Exercise directions: Retype exactly every line from the one that includes "СРО в Новороссийске" through the final line of the listing, both ends kept, and omit the pictures.

Source material:

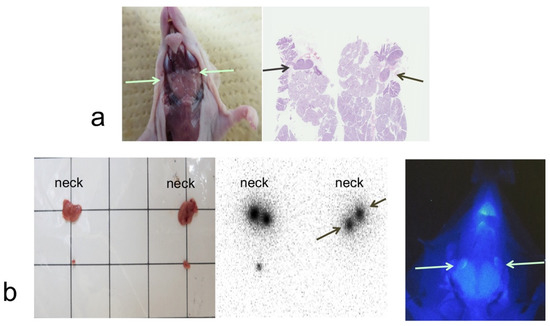 Neck lymph node in normal mouse (a). The arrows indicate neck lymph nodes in dissection. H&E staining showed lymph nodes in the excised cervical tissue (a). Two-phase combined imaging of SLNs in normal mice (b). 99mTc-Phytate and anti-EGFR affibody probe were injected into the tongue of mice. Two excised neck specimens with lymph nodes from two mice are shown (b, left). Autoradiography showed that 99mTc radioactivity accumulated in the lymph nodes of each neck specimen and one solitary lymph node in the corresponding tissues of the left panel (b, middle). NIR fluorescence was localized in the lymph nodes after anti-EGFR affibody probe injection into the tongue (b, right).
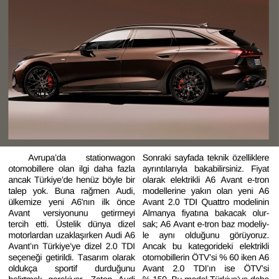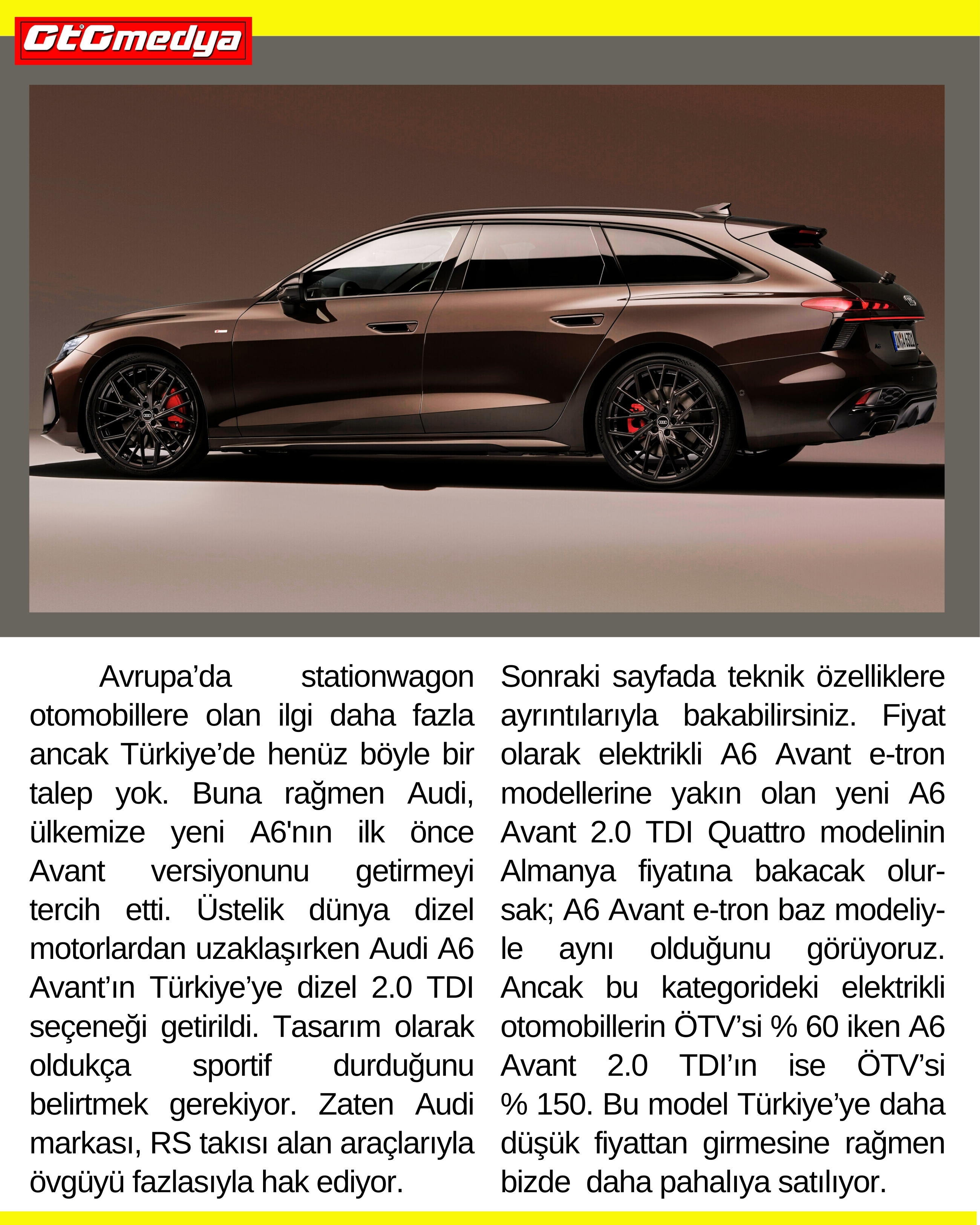 Avrupa’da stationwagon otomobillere olan ilgi daha fazla ancak Türkiye’de henüz böyle bir talep yok. Buna rağmen Audi, ülkemize yeni A6'nın ilk önce Avant versiyonunu getirmeyi tercih etti. Üstelik dünya dizel motorlardan uzaklaşırken Audi A6 Avant’ın Türkiye’ye dizel 2.0 TDI seçeneği getirildi. Tasarım olarak oldukça sportif durduğunu belirtmek gerekiyor. Zaten Audi markası, RS takısı alan araçlarıyla övgüyü fazlasıyla hak ediyor.
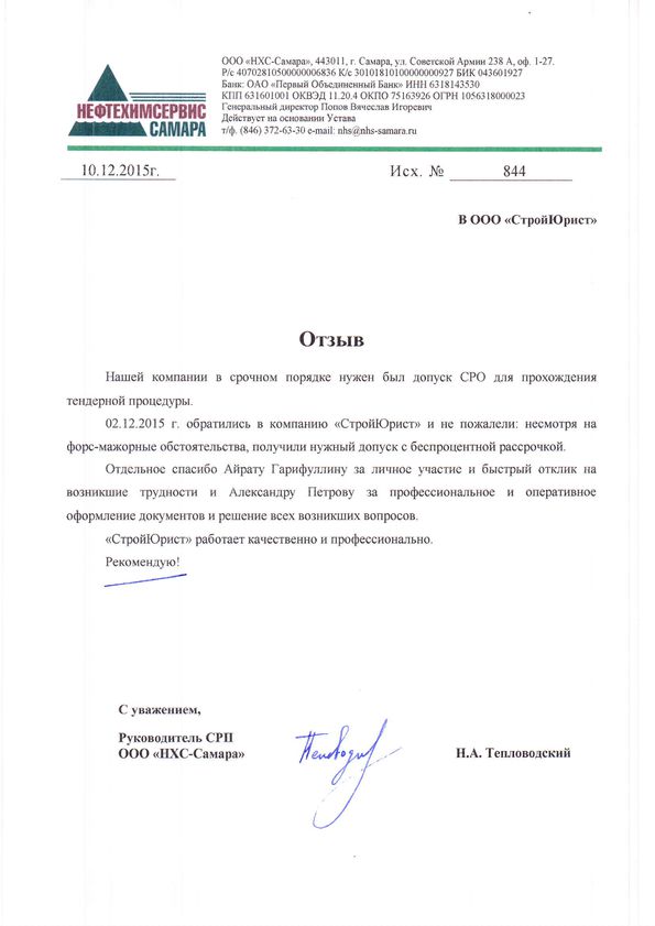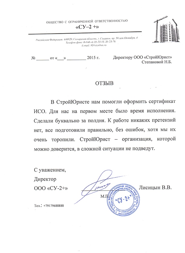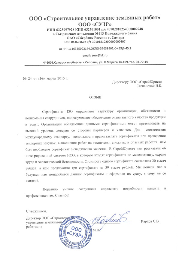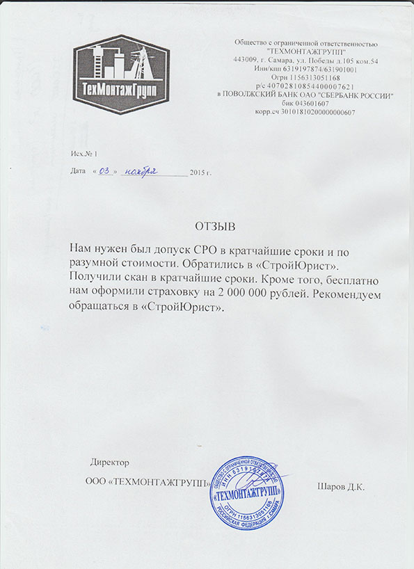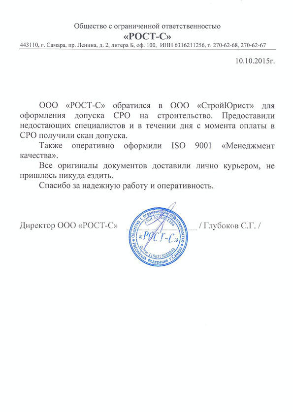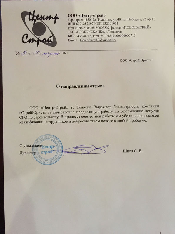 Отзывы клиентов "СтройЮрист" по вступлению в СРО в Новороссийске
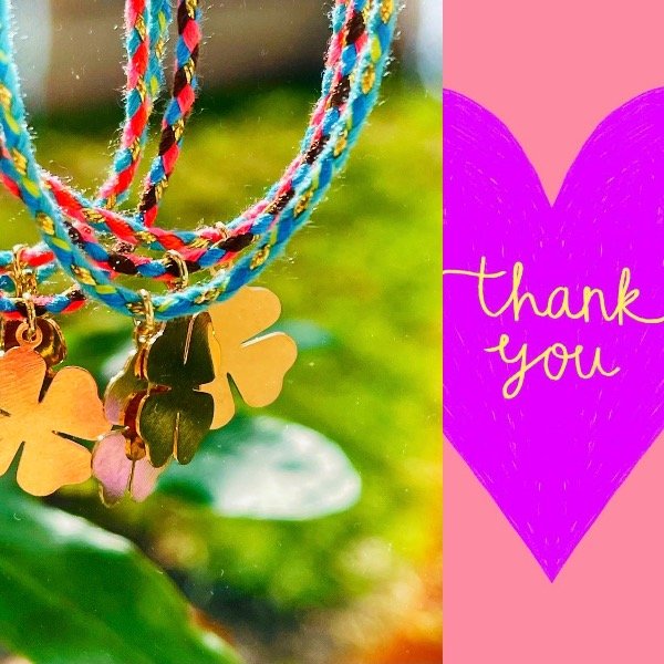 dos pulseras artesanales de hilo trenzado con medida regulable, con dije trébol cuatro hojas, dije calidad GOLDFILLED
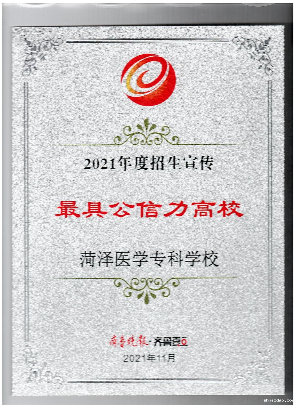 近日,齐鲁晚报发布2021年度招生工作荣誉榜单,我校招生工作获得“2021年度招生宣传最具公信力高校”“2021年度山东高招会最受欢迎高职(专科)院校”两项荣誉。
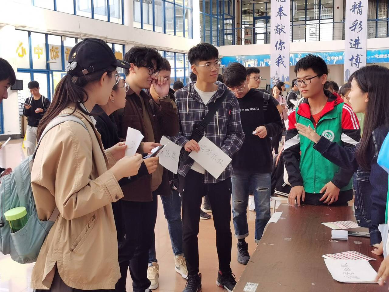 (“吉祥物”志愿者迎接同学们)

Response area:
 Отзывы клиентов "СтройЮрист" по вступлению в СРО в Новороссийске
 dos pulseras artesanales de hilo trenzado con medida regulable, con dije trébol cuatro hojas, dije calidad GOLDFILLED
 近日,齐鲁晚报发布2021年度招生工作荣誉榜单,我校招生工作获得“2021年度招生宣传最具公信力高校”“2021年度山东高招会最受欢迎高职(专科)院校”两项荣誉。
 (“吉祥物”志愿者迎接同学们)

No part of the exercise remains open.